J Clin Rheumatol. 2015 Dec;21(8):444-7. doi: 10.1097/RHU.0000000000000327.
We report a 6-year-old man with chronic severe recalcitrant bilateral anterior uveitis and a remote history of hemophagocytic lymphocytic histiocytosis secondary to Epstein-Barr virus infection. The patient was treated for idiopathic uveitis after an initial extensive evaluation failed to reveal a specific diagnosis. The patient failed to achieve sustained inactive disease with multiple monotherapies including topical glucocorticoid, methotrexate, infliximab, mycophenolate mofeti, and cyclosporine. Disease control was finally attained with a combination of cyclosporine and adalimumab. After more recent testing, he was found to have a novel deletion on the BIRC4 (baclovirus inhibitor of apoptosis repeat containing protein 4) gene, the causative gene for X-linked lymphoproliferative syndrome type 2. We conclude that male patients with chronic idiopathic uveitis should be questioned about a history of hemophagocytic lymphocytic histiocytosis during their workup and screened for BIRC4 mutation if appropriate.

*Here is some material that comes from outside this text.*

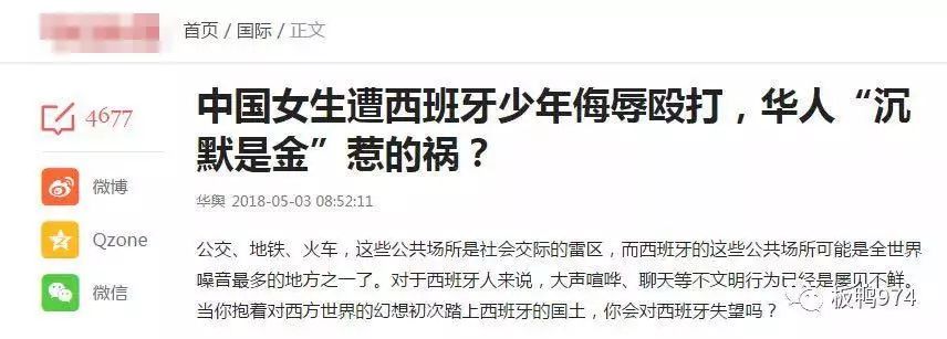 这是小张拍摄的西班牙青年的照片。 在马德里的中国留学生孟欣的话很有代表性:“如果被欺负了不站出来,某些素质不高的人会一直觉得中国人就是忍气吞声。你越怕,他们越来劲。” 还有留学生认为,遇到歧视行为时坚决反抗,也会带动周围的人伸出援手。但首先要确保人身安全,“好汉不吃眼前亏”。 2. 有力:让施暴者知道 “欺负中国人,是要还的” 多名留学生接受记者采访时表示,反抗歧视,不仅要有态度,也要有力度。 此次事件中,小张选择及时报警,同时在网上发帖寻找目击者、搜集证据。 中国驻西班牙大使馆领事部得知小张的遭遇后,第一时间联系西班牙警方,对事件表示关切,敦促警方采取有效措施保护受害者权益,并请警方将案件进展及时通报使馆。 西班牙多家华文媒体也在跟进事件进展,从舆论上支持这名女生。 3. 有节:不必凡事贴上“辱华”标签 尽管这一事件令人愤慨,但当地留学生认为,“歧视中国人”在西班牙并不是普遍现象,不必将少数人群的个人行为上升到“辱华”高度。 在马德里的留学生彦舟认为,世界上哪里的人都是有好有坏,不能一概而论;留学生安妮告诉记者,自己在西班牙生活五六年,从未遇到被歧视的情况。 另一方面,这些青年的行为可能并不专门针对中国人。据统计,2017年,西班牙被曝光的校园霸凌事件接近1500多起,校园霸凌问题已经引起西班牙社会担忧。 留学生彦舟说:“一些中国留学生不擅交际、埋头学习。”这种形象一方面易成为霸凌对象,另一方面被霸凌后中国留学生往往选择忍气吞声、息事宁人。这样又助长了施暴者的气焰。

我们报告了一名6岁男性,患有慢性重度顽固性双侧前葡萄膜炎,既往有因爱泼斯坦-巴尔病毒感染继发噬血细胞性淋巴细胞组织细胞增生症的病史。在最初的全面评估未能得出明确诊断后,该患者被诊断为特发性葡萄膜炎并接受治疗。患者采用包括局部糖皮质激素、甲氨蝶呤、英夫利昔单抗、霉酚酸酯和环孢素在内的多种单一疗法均未能实现疾病持续缓解。最终,环孢素和阿达木单抗联合使用实现了疾病控制。在最近的检测中,发现他的BIRC4(含杆状病毒凋亡重复抑制蛋白4)基因存在一种新的缺失,该基因是2型X连锁淋巴增殖性综合征的致病基因。我们得出结论,患有慢性特发性葡萄膜炎的男性患者在检查过程中应询问其噬血细胞性淋巴细胞组织细胞增生症病史,并在适当情况下筛查BIRC4突变。